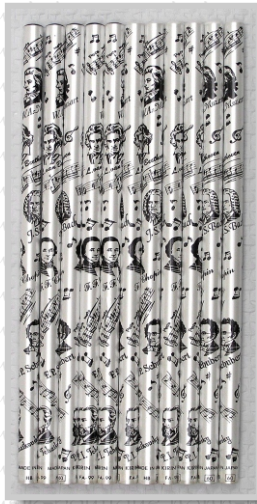
PS 23 29
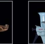
Zubehör 263 – 288
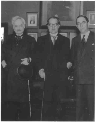
Ramón J. Cárcano, Ricardo Rojas y Ricardo Levene antes de iniciarse una conferencia en la Junta.

neidad y la calidad de la asociación que daba empuje a este "gran laboratorio" veía los motivos principales de esa permanencia y de aquella distinción que Ricardo Levene había impulsado con decisión hasta convertir a la Junta en un organismo intelectual de crédito y fama en la República y en el exterior.

----

▸ Task objective
The job is to copy each line from the material above that holds the word "Levene".

▸ Answer to this task
Ramón J. Cárcano, Ricardo Rojas y Ricardo Levene antes de iniciarse una conferencia en la Junta.
neidad y la calidad de la asociación que daba empuje a este "gran laboratorio" veía los motivos principales de esa permanencia y de aquella distinción que Ricardo Levene había impulsado con decisión hasta convertir a la Junta en un organismo intelectual de crédito y fama en la República y en el exterior.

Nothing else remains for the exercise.